I’m committed more to fishing the crankbait than most other anglers are. Most fishermen won’t cast the crankbait long enough to establish a pattern to catch fish on it. I believe you have to give the crankbait a fair chance to catch big bass whenever you go on the water. In one tournament I won, I fished a crankbait for 3 days before my perseverance paid off. I’d found big bass holding in a particular section of the lake in practice. Then each day I fished, I went to that spot and fished a crankbait. The first two days the bass didn’t show-up.  But on the third day when I arrived at the same spot where I hadn’t caught any bass with my crankbait before, not only did I find bass, I located bass big enough to win the tournament.

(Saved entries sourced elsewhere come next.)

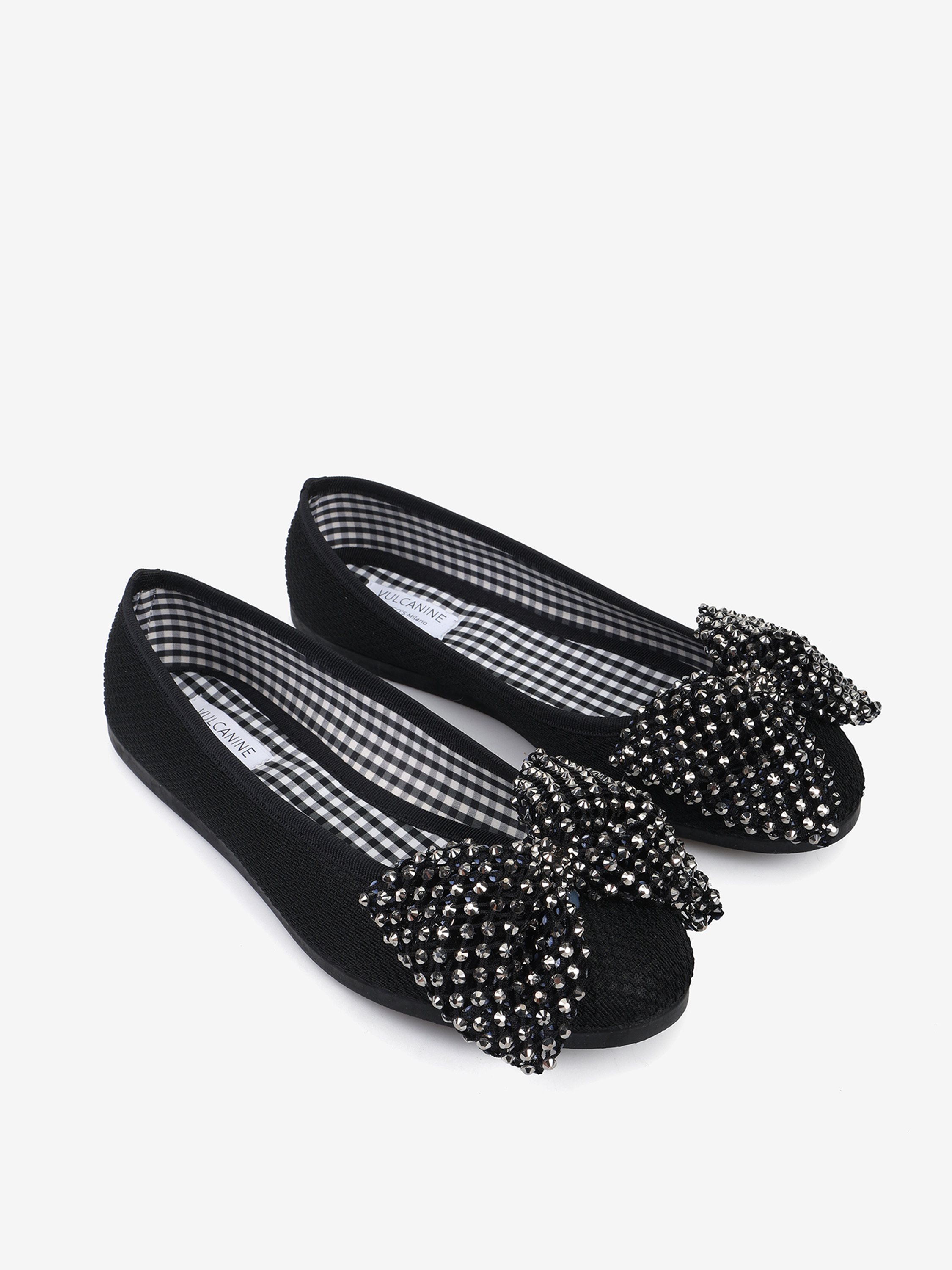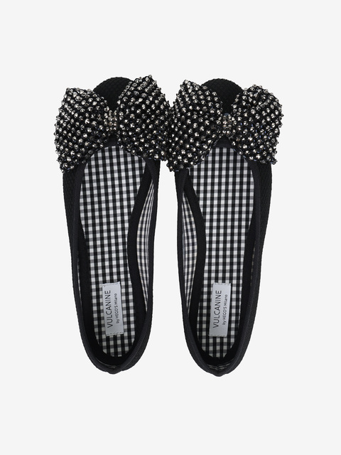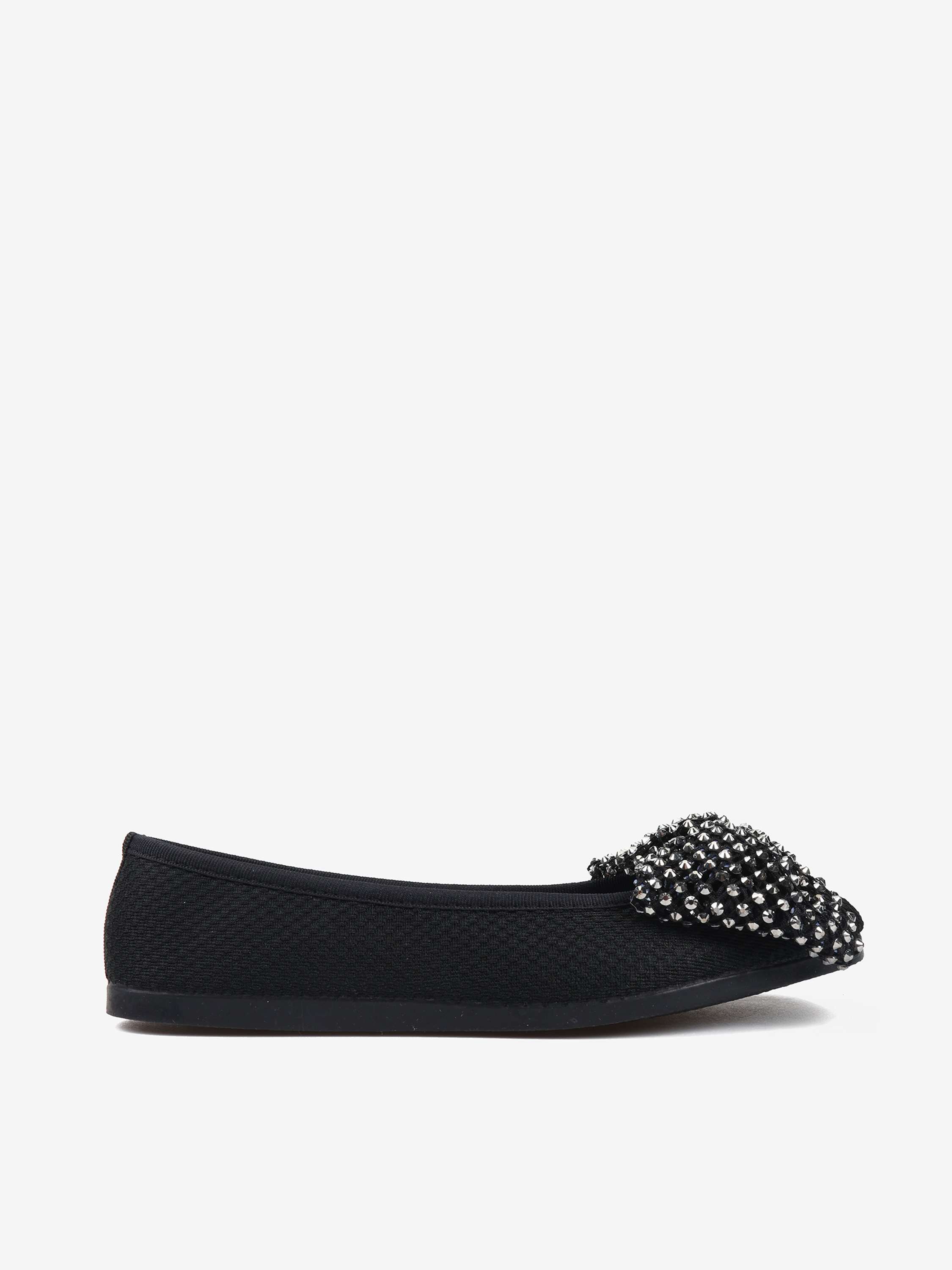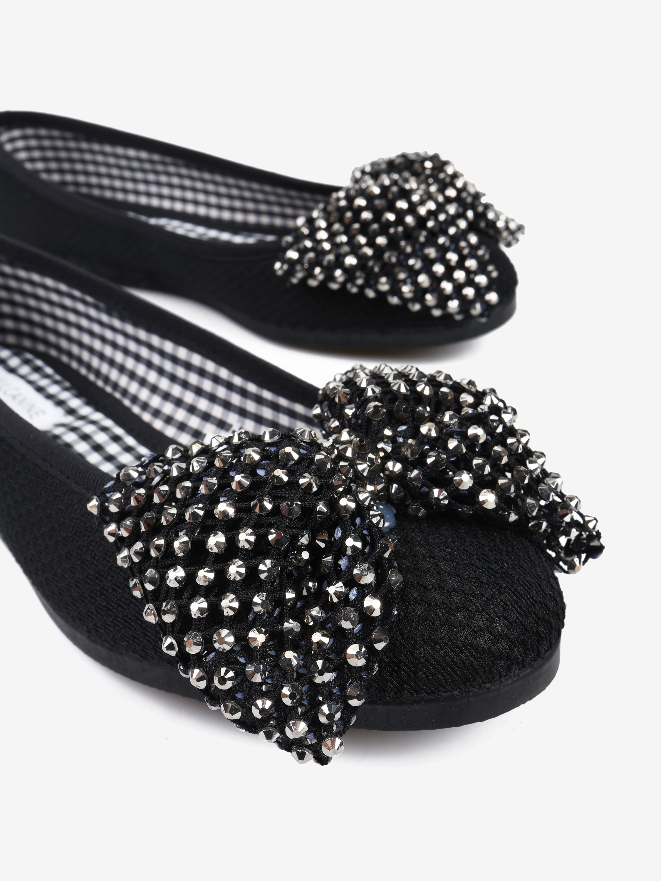 Tkaninowe baleriny z okrągłym noskiem. Ozdobna, siateczkowa kokarda z połyskującymi kamykami.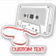Audio cassette illustration. Loose tape forming a heart shape. Custom text.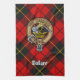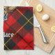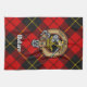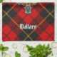 Clan Wallace crest badge surrounded by a strap and buckle over tartan background. Custom text.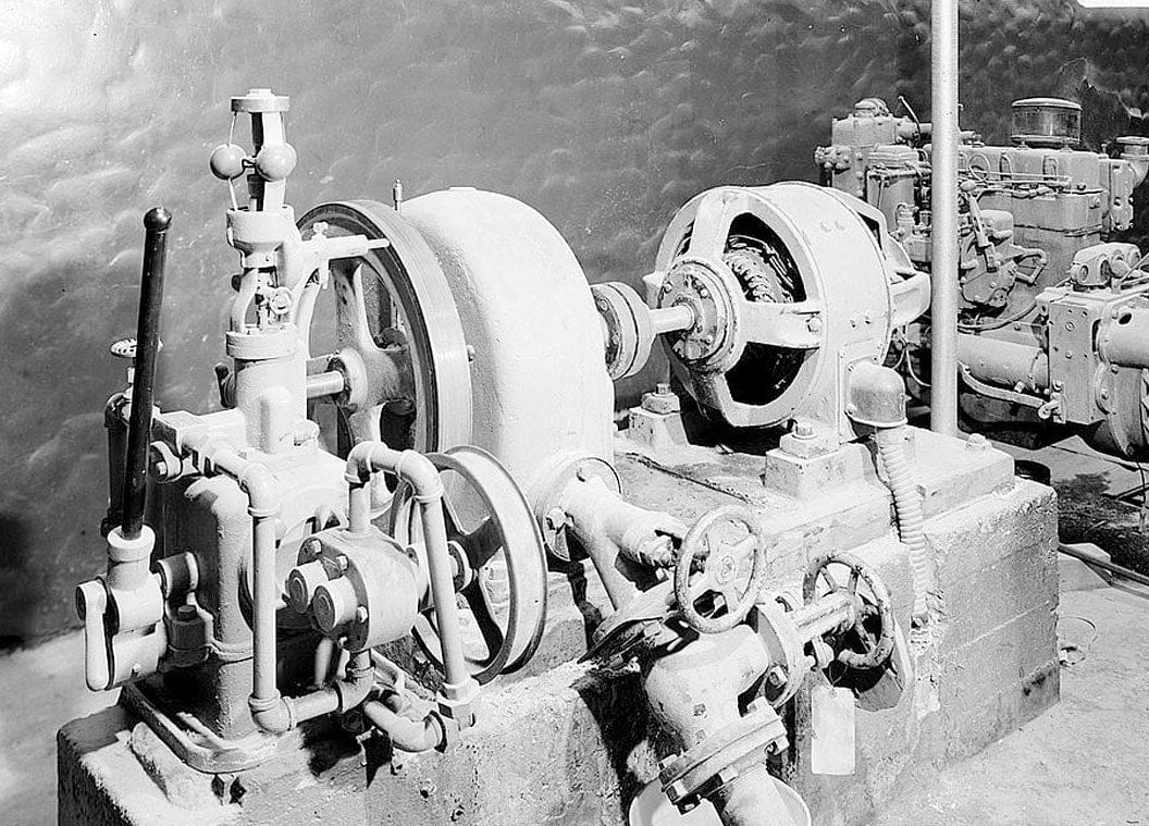 19. POWER ROOM INTERIOR, PELTON WATER TURBINE AND FLYBALL GOVERNOR DIRECTLY CONNECTED TO 7 KW AC GENERATOR (ON RIGHT), 125 VOLTS, 56 AMPS. INSTALLED IN 1926, STILL IN USE FOR OUTSIDE LIGHTING. - Death Valley Ranch, Power House, Death Valley Junction, Inyo County, CA

The crankbait is a very-versatile lure that you can change the depth of to fish either shallow or deep water. If you want to maximize the length of your cast to cover more water with your crankbait, then you can use 2-pound-test line, cast it a long way and cover a lot of water. If you want to get your crankbait down deeper, then fish a crankbait with a deep-diving bill, which will enable you to get that bait down to almost any depth. If you’ve ever thrown a big, deep-diving crankbait all day, then you know at the end of the day you’ll feel much like a man who has mined coal all day from sun-up to sundown with a pick, a shovel and a wheelbarrow. This type of fishing will exhaust you physically, and you may not catch many bass using this tactic.

But when I’m fishing, I’m not trying to see how-many bass I can catch but rather attempting to take the biggest bass I can. Fishing big, deep-diving crankbaits is one of the most-winning techniques and produces the most quality bass of any system of fishing on the professional-fishing circuits. Sure, I can catch more bass using easier methods and smaller baits, however catching more bass isn’t what I’m hoping to accomplish. I’m trying to take the biggest bass I possibly can catch in every tournament I fish. One of the best ways I know to accomplish that goal is to fish big crankbaits.

Fishing Big Crankbaits Shallow:    

Many anglers think you only can fish deep-diving crankbaits successfully in deep water. However, I remember two tournaments I won fishing big, deep-diving crankbaits in shallow water. I won a tournament on Lake Truman some years ago using a big crankbait in water only 2-4 feet deep. I bounced that crankbait on logs, drug it through brush and swam it around shallow-water cover where most anglers never would consider fishing a crankbait. I also won a tournament on Lake Livingston fishing a big Bill Norman crankbait

(https://normanlures.com/) in extremely-shallow water. Bass will take a large, deep-diving crankbait, because the lure is so big and not because of the depth of the water in which you’re fishing it. I’ve learned that big bass like big baits and particularly large crankbaits. If you’ll put that big crankbait in an area where big bass are holding, you’ll have a really-good chance of catching those big bass, regardless of whether they’re in very-deep or very-shallow water.